In the wake of the historical Black Lives Matter protests that sprung up following the murder of George Floyd by Minneapolis police officers, conversations about race began to take place in many industries, and publishing was not exempt.
Of the many discussions that emerged surrounding the racism that permeates the publishing industry (publishing as a whole is 76% white according to a study by Lee and Low ) was the discussion of author advances. An advance is the money that the publisher pays an author up front, before the book has sold any copies, as an advance against any royalties earned. Before an author can start receiving royalty checks, they must earn back their advance, which means that authors who receive high advances have to sell a lot more books before they start to see royalty money. Usually, advances can be seen as a mark of the publisher’s confidence in a book. A high advance indicates that the publisher is relatively certain that the book will make a substantial amount of money. Higher advances often, but not always, mean that the publisher will invest more effort in the marketing and promotion of the book.
Advances have long been a rather mysterious topic, with very little transparency regarding the specific amounts that authors can expect. Traditionally authors have been reluctant to disclose their exact amounts advance amounts, although it is relatively common to read press releases stating that so and so’s book sold at auction for “six figures.” Some authors actually have clauses worked into their contracts which state that they may not disclose the amount of their advance, whereas others simply feel uncomfortable, in a culture that treats discussion of salary as taboo (a norm that has long been used to perpetuate salary gaps in many industries), discussing their exact advance figures. However, given the current Black Lives Matter movement, many authors and allies felt like a conversation about the discrepancy in advances between Black and non-Black authors was long overdue.
Thus, author L.L. McKinney created the hashtag #PublishingPaidMe.
The purpose of the hashtag was to expose these discrepancies. McKinney emphasized that Black authors did not have to participate by disclosing their advances, but that non-Black authors should disclose their advances in order to help Black authors confront a wage gap that existed so far mostly anecdotally. The hashtag would provide actual numbers which would prove not only that the wage gap existed, but that it was pervasive.

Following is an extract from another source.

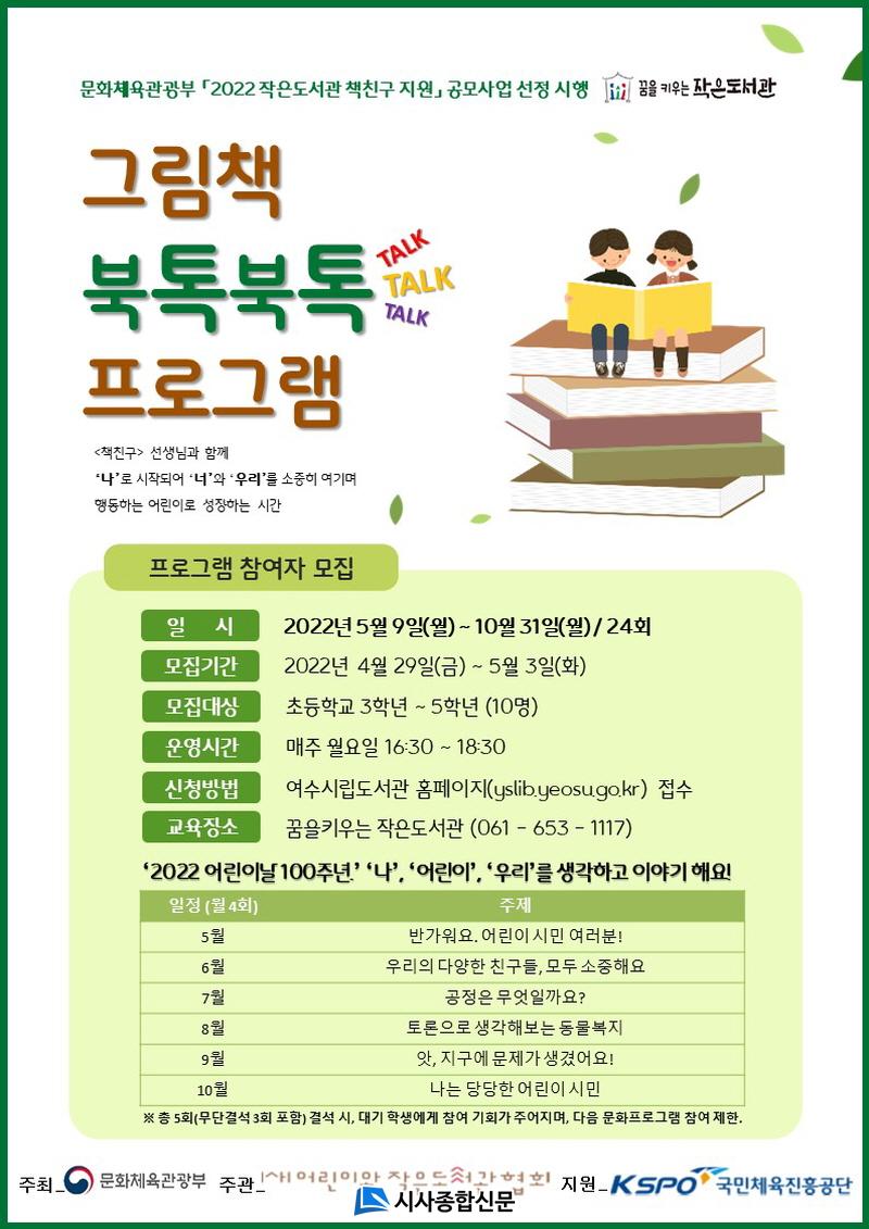 ¾î¸°À̳¯ 100ÁÖ³âÀ» ¸ÂÀÌÇØ ¡®ÀÛÀºµµ¼°ü, ¾î¸°ÀÌ ½Ã¹ÎÀ» ¸¸³ª´Ù¡¯´Â ÁÖÁ¦·Î å챏¿Í ÇÔ²² ±×¸²Ã¥À¸·Î À̾߱âÇÏ´Â ½Ã°£À» °®°Ô µÈ´Ù.ÀÌ¿¡ µû¶ó ¿À´Â 5¿ùºÎÅÍ 10¿ù±îÁö ÃʵîÇб³ 3Çгâ~5Çгâ(10¸í)À» ´ë»óÀ¸·Î ¡®±×¸²Ã¥ ºÏÅåºÏÅå(Talk)¡¯ ÇÁ·Î±×·¥À» ÁøÇàÇÑ´Ù.

Armed with evidence of what their non-Black colleagues were being given in advance, Black writers would be in a better position to negotiate their own advances.
However, Black authors quickly began taking part, exposing massive discrepancies in advance numbers. One of the revelations that sparked the most consternation was Hugo award winning Black author N.K. Jemisin’s:
Many authors and readers found it completely unacceptable that an author of Jemisin’s caliber had received such low advances. But Jemisin wasn’t an outlier. A Google Docs spreadsheet was quickly compiled in order to create more solid and actionable data. The numbers were revealing. While genres varied, at the time of writing this, of 163 advances payments greater than or equal to $100,000, only 12 of those advances went to Black writers.

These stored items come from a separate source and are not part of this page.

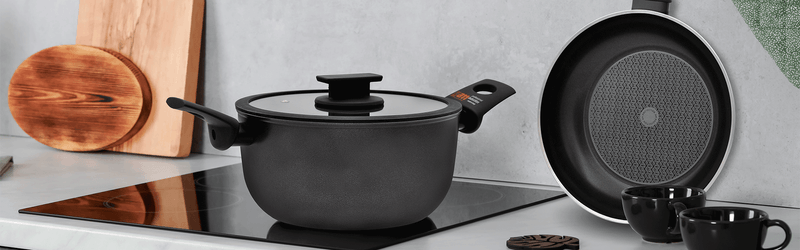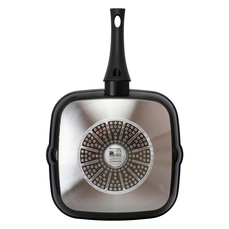 Cuerpo de Aluminio puro 99,5%, aleación 4006, espesor 4 mm, forjado para una perfecta difusión del calor y una mejor cocción de los alimentos.
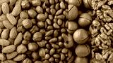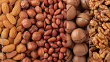 Top view of many different nuts close up. Hazelnuts, almonds, peanuts, walnuts and macadamia
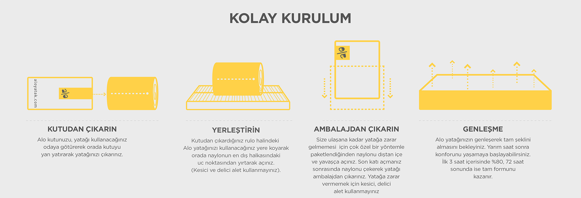 Olağanüstü sıkıştırılma ve genleşme özelliğiyle inovatif ambalajı, bize Alo yatağınızı kolaylıkla kapınıza kadar getirme fırsatı veriyor.
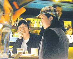 小齊偕Tina及友人,一行三人餐廳用餐,他們點了一桌子菜,Tina并沒有因為懷孕而特別戒口,酸辣等菜都有進食,坐在她身旁的小齊還關心地說:“吃多點啊,一人吃、兩人補!睂τ谀杏训捏w貼,Tina笑不攏嘴,顯然非常受落。
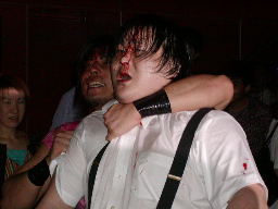 場外では蛇ダーも竹刀で攻撃。金村はGENTAROの額にバットを押し付けて流血させる(右写真)。
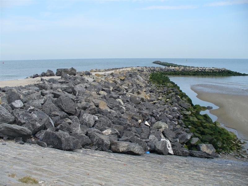 Deze golfbreker,nu van om en bij de zeshonderd (600) meter lang is een zeer goed te bevissen stek. Je kan naar de kop van de breker twee (2) uur na hoog water, tot 2 uur voor hoogwater opkomend tij. Bij hoog water is enkel de eerste tweehonderd (200) meter toegankelijk. Bij laag water is het wel een kunst om een vis op het droge te krijgen vanwege het steenstort onder aan de waterlijn. Het is dan ook opletten als je naar beneden (waterlijn) tracht af te dalen.
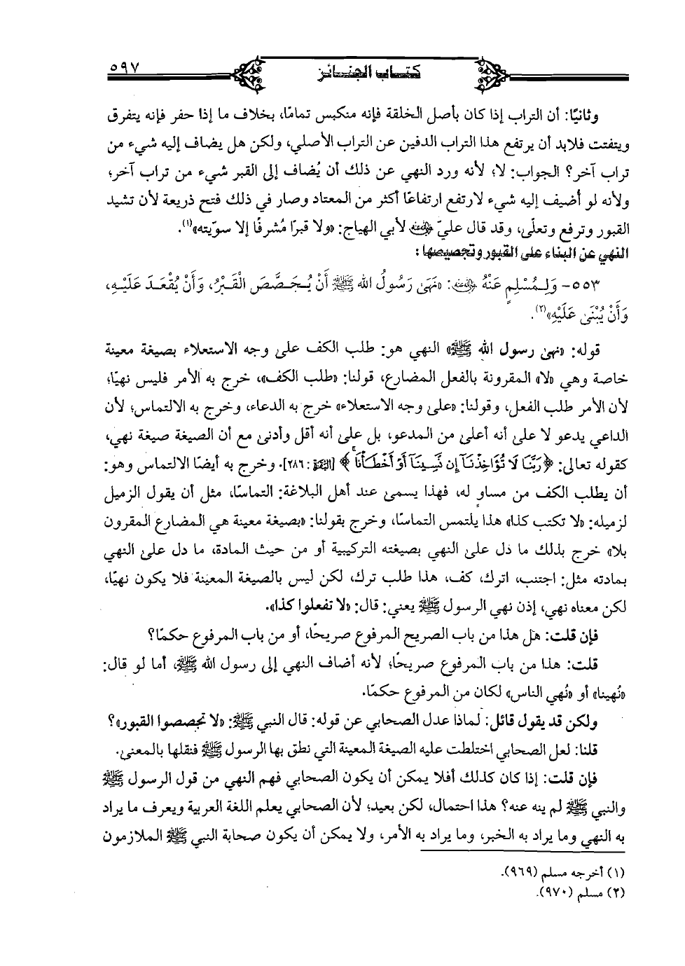 ولكن قد يقول قائل: لماذا عدل الصحابي عن قوله: قال النبي صلى الله عليه وسلم: "لا تجصصوا القبور"؟
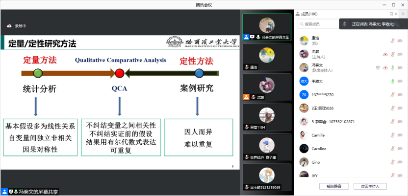 1月7日,学院经济学系贾智杰助理教授从上市公司的微观证据分析了上游国有企业与下游的经营绩效问题。分析了国企自身效率提高、规模变化和股权集中度的下降是国企对下游影响的主要原因。1月9日,哈尔滨工业大学(威海)经济管理学院副院长、博士生导师冯泰文教授基于fsQCA的组态分析,探讨了什么样的绿色创新模式产生城市高竞争力。绿色创新是实现区域经济提质增效的重要力量,而如何通过绿色创新提升城市绿色竞争力是创新领域有待回答的重要问题。
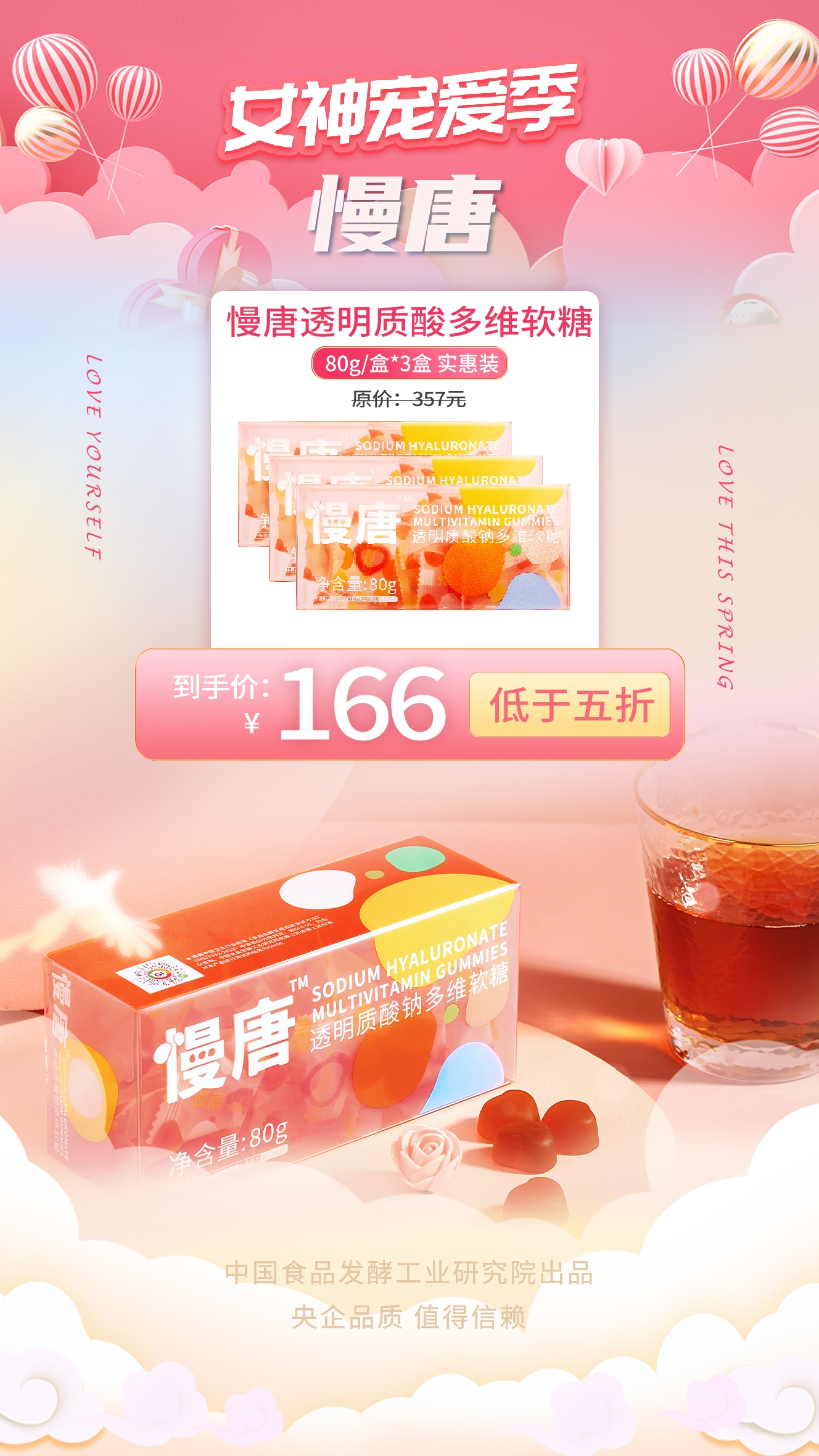 保利中輕所屬中國食品發酵工業研究院自主開發終端產品“慢唐”透明質酸鈉多維軟糖,能有效控制糖分,緩解皮膚老化,受到關注愛美、減肥人群的青睞。
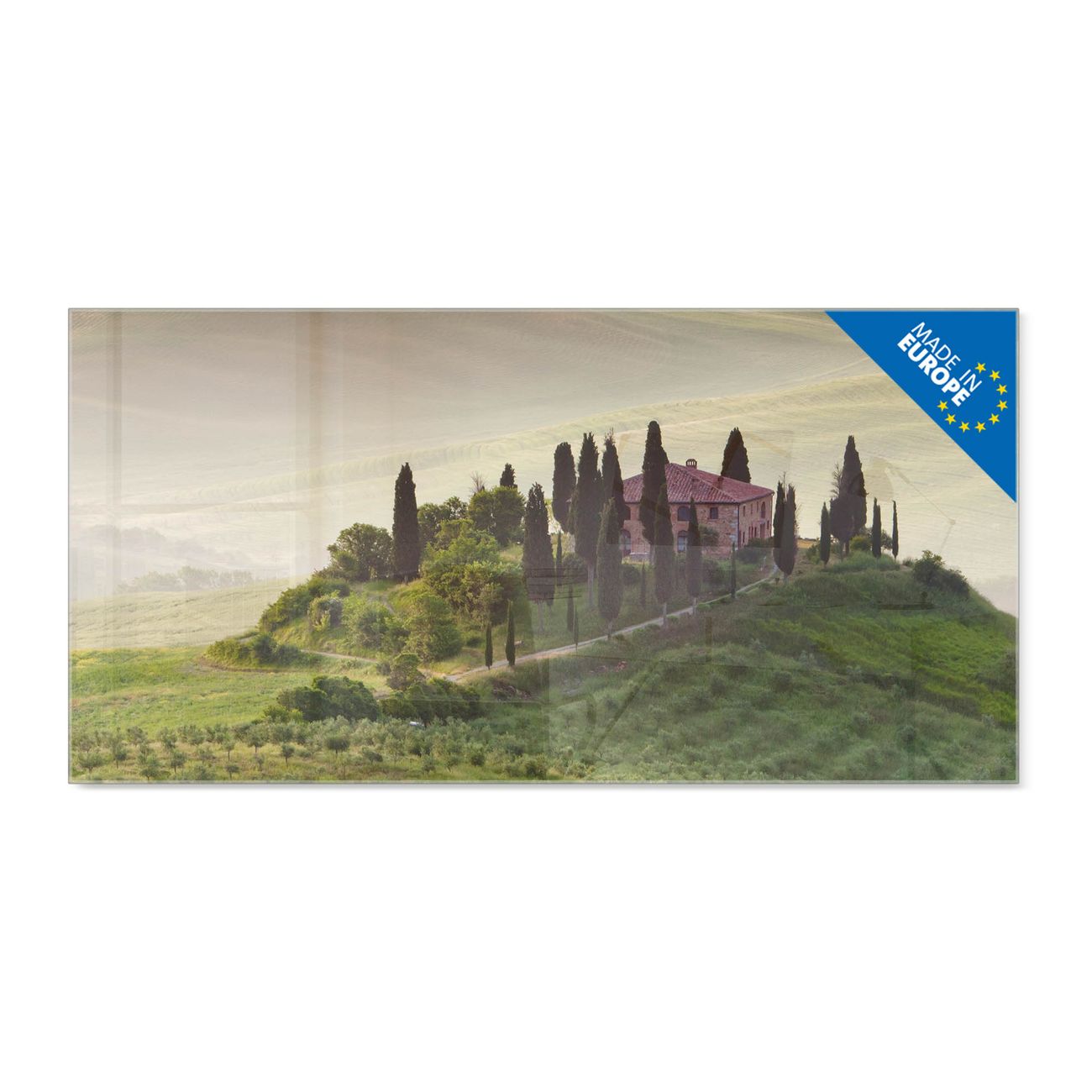 Material: 4mm Sicherheitsglas mit Metallrückwand Eigenschaften: beschreibbar, magnetisch, kratzfest Maße: 120x60x0,6cm, 10,80kg schwer Motiv Nummer 10433 Toscana Zubehör: inklusive 4 Neodym-Magnete

Clearly publishing, like many industries, suffers from a wage gap. Publishing seems unwilling to take the same risks on Black authors as it does on white authors. In fact, white authors are often given multiple chances and are still awarded second chances even after a first book flops, whereas Black writers often are given only one shot. As many have pointed out, this discrepancy does not fall solely at the feet of agents and editors, but is also the responsibility of sales executives and even booksellers who see books by Black authors as a poor investment, this despite the fact that college educated Black women are the demographic most likely to read books. The source of this misconception? Implicit biases among mostly white publishing professionals who assume that Black people are less likely to read books and that white readers will not pick up books featuring Black protagonists.

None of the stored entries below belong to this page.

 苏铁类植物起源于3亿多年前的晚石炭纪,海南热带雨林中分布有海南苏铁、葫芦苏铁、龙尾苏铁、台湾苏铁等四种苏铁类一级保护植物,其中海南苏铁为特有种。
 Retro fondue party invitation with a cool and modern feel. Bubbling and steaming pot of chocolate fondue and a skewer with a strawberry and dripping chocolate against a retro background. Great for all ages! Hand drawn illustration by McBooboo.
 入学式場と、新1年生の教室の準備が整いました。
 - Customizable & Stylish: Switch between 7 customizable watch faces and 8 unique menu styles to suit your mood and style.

To show their support of the Black Lives Matter movement and the light it shed on the issues with the publishing industry, a group of more than 1000 publishing industry workers declared a day of solidarity and took a day off to protest against racial injustice and also vowed to donate a day’s pay fundraisers. In response, major publishing houses such as Penguin Random House acknowledged the problems with racism within the industry and vowed to foster more diversity within the company. They also promised anti-racist training for all staff members. Of course, only time will tell if these measures will make a difference, or if publishing houses are simply worried about the optics should they fail to make a bold statement in the midst of a global movement.
One thing is for certain, publishing has a race problem, and that problem reflects the larger culture of white supremacy that exists in all countries where the legacy of slavery and colonialism lives on. While efforts such as We Need Diverse Books and #DivPit have helped to mitigate the effects of racism upon the publishing industry, it is only through the complete eradication of white supremacist culture that the publishing industry, like all other industries and institutions in this country and others, can finally rid itself of the specter of racism. So while diversity training and education and earnest pledges to do better are a nice gestures, they will be ultimately meaningless unless white supremacist culture is dismantled once and for all.